** Dataset entries follows **
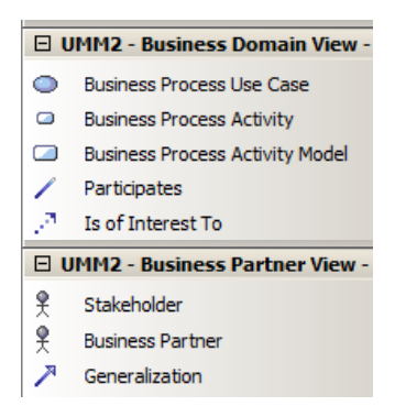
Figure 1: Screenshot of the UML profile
** End of Dataset entries **
** Dataset entries follows **
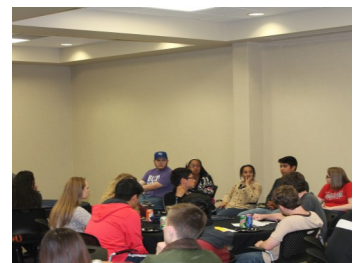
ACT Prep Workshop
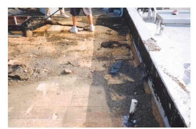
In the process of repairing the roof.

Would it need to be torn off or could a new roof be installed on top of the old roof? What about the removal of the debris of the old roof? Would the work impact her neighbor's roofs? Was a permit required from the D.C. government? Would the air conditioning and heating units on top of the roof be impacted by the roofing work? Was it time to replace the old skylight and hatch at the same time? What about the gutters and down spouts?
** End of Dataset entries **
** Dataset entries follows **
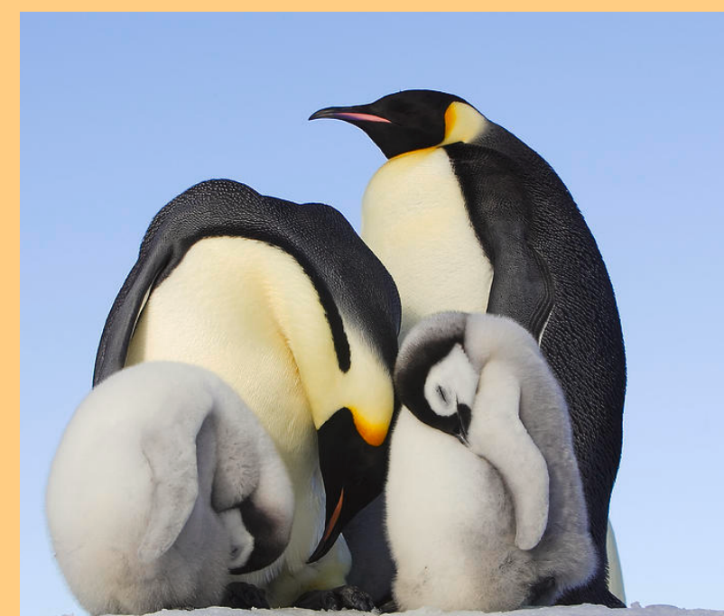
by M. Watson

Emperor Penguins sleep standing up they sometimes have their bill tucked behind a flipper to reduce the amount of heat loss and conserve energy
** End of Dataset entries **
● Task prompt
Note every line above where the string "roof" shows up, and copy those lines.

● Response to this task
In the process of repairing the roof.
Would it need to be torn off or could a new roof be installed on top of the old roof? What about the removal of the debris of the old roof? Would the work impact her neighbor's roofs? Was a permit required from the D.C. government? Would the air conditioning and heating units on top of the roof be impacted by the roofing work? Was it time to replace the old skylight and hatch at the same time? What about the gutters and down spouts?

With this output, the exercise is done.